The goal of this project is to substantially advance our fundamental understanding of how faults slip during global large magnitude earthquakes. New source models based on seismic and geodetic data will be constructed, which will be used together with rupture dynamics calculations to better constrain earthquake physics. Given the fundamental nature of this project, the main non-academic beneficiaries of this project will be:

(1) In the short-term: school children, teachers and the wider public. Earthquakes offer great potential to spark the interest of these users in Geosciences (and, more generally, in STEM subjects) and thus contribute to the UK's skillbase, notably in geophysics, an area with high industry demand and listed in the Home Office shortage occupation list (the high-level training of a PDRA in Geophysics within the project will also contribute to this).

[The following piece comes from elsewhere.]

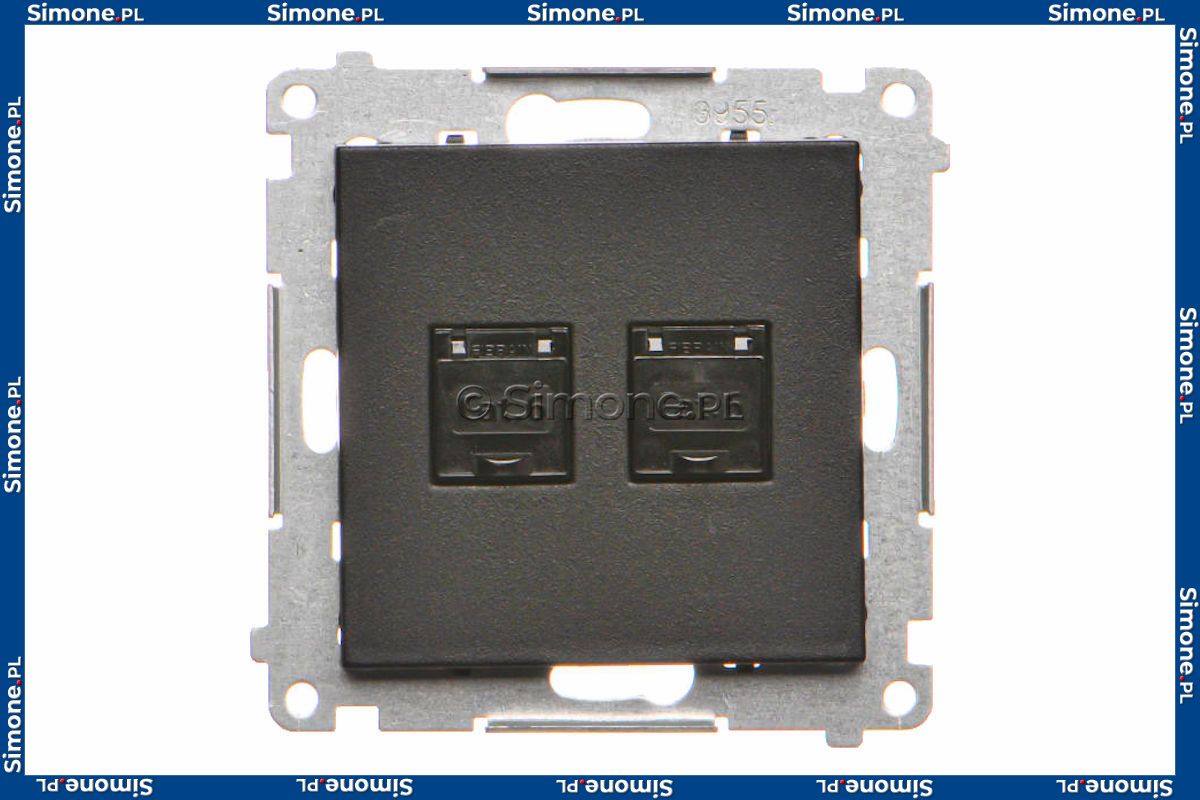 Gniazdo komputerowe podwójne 2xRJ45 kat. 6 z przesłoną przeciwkurzową Czarny Mat Simon 55

(2) In the long-term: government agencies and private companies responsible for earthquake monitoring and for seismic hazard and risk assessment, as a key element for assessing seismic hazard is to accurately predict ground motions, which requires a good understanding of earthquake physics (see letter of support from our impact partner USGS). Moreover, the geophysics industry working on microseismicity may also benefit from this project as a clearer understanding of the relationships between macroscopic source parameters and the frictional behaviour of faults is useful for improved seismicity monitoring efforts in shale gas extraction, geological carbon dioxide sequestration, etc (see letter of support from our impact partner Pinnacle). Although this project will principally investigate global large-magnitude earthquakes, much of the learning achieved might be useful for smaller event regional studies.

A-level students and teachers will benefit from this project through the co-production of new learning materials, a short animated educational movie on the earthquake source processes investigated in the project, as well as from other activities (e.g., visits to UCL, notably to the rock mechanics laboratory, and focus group discussions). Beyond subject knowledge, they will also benefit by engaging with the scientific process, understanding how new data are gathered and interpreted, and how new ideas are proposed. More generally, the wider public will benefit from the project's participation in high-visibility popular science exhibits and shows, science cafes and debates.

Government agencies and private sector geophysics companies working on seismic hazard/risk and microseismicity will benefit from this project by actively following the project's development (see letters of support from our impact partners) and by participating in a final project workshop where the main scientific results will be presented and discussed, and where a reflection on the project's long-term impact for specific users will be undertaken. The conclusions of the workshop will be published in a journal accessible to the wide academic and non-academic community, such as the RAS journal 'Astronomy and Geophysics', the AGU Eos newspaper and/or journals of geophysics societies with wide visibility in industry (e.g., Society of Exploration Geophysicists (SEG) - The Leading Edge (TLE) or European Association of Geoscientists and Engineers (EAGE) - First Break (FB)).